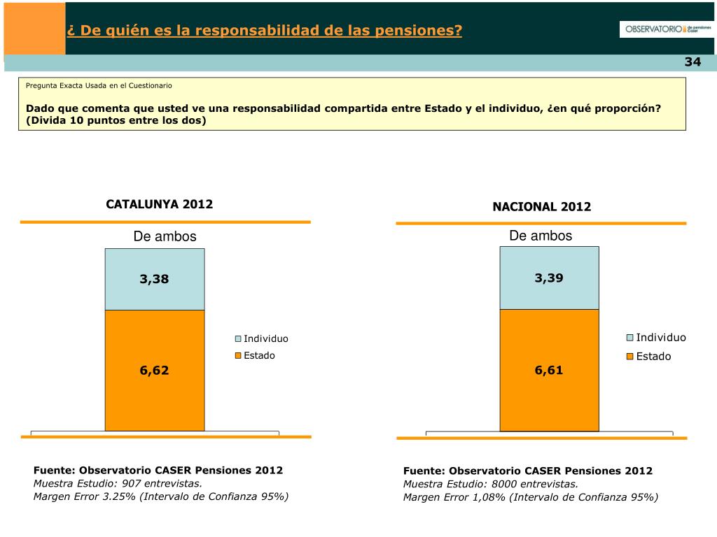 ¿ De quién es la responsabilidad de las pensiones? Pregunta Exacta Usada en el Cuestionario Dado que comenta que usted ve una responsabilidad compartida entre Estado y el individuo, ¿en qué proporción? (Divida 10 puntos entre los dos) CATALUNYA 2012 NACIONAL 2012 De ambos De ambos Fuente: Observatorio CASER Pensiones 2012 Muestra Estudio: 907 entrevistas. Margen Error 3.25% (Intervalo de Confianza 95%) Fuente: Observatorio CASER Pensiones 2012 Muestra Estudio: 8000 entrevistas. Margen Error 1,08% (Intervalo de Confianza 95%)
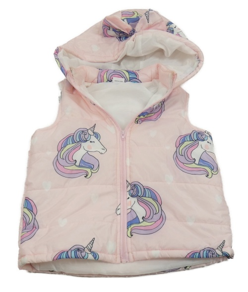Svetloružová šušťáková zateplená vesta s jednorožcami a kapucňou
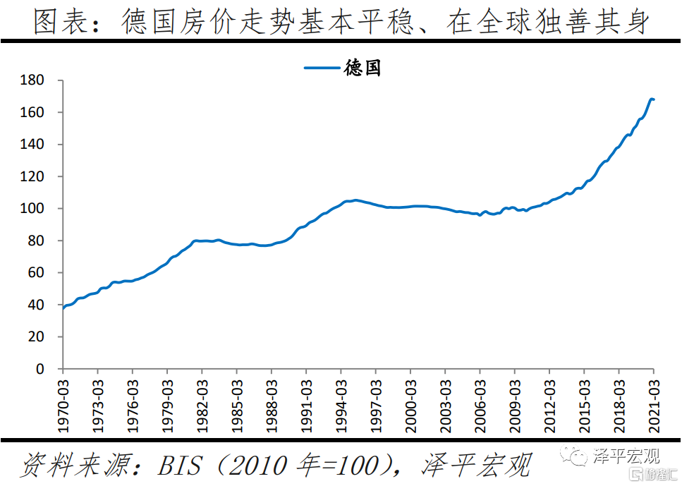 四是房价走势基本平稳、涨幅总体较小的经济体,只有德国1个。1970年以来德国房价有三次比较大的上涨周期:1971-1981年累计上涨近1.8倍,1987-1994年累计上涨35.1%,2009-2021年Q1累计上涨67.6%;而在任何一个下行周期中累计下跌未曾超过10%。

* * * *

• _TASK REQUIREMENTS_:
Each line of the listing is to be retyped exactly, and its pictures are to be dropped.

• _OUTPUT FOR THIS EXERCISE_:
 ¿ De quién es la responsabilidad de las pensiones? Pregunta Exacta Usada en el Cuestionario Dado que comenta que usted ve una responsabilidad compartida entre Estado y el individuo, ¿en qué proporción? (Divida 10 puntos entre los dos) CATALUNYA 2012 NACIONAL 2012 De ambos De ambos Fuente: Observatorio CASER Pensiones 2012 Muestra Estudio: 907 entrevistas. Margen Error 3.25% (Intervalo de Confianza 95%) Fuente: Observatorio CASER Pensiones 2012 Muestra Estudio: 8000 entrevistas. Margen Error 1,08% (Intervalo de Confianza 95%)
Svetloružová šušťáková zateplená vesta s jednorožcami a kapucňou
 四是房价走势基本平稳、涨幅总体较小的经济体,只有德国1个。1970年以来德国房价有三次比较大的上涨周期:1971-1981年累计上涨近1.8倍,1987-1994年累计上涨35.1%,2009-2021年Q1累计上涨67.6%;而在任何一个下行周期中累计下跌未曾超过10%。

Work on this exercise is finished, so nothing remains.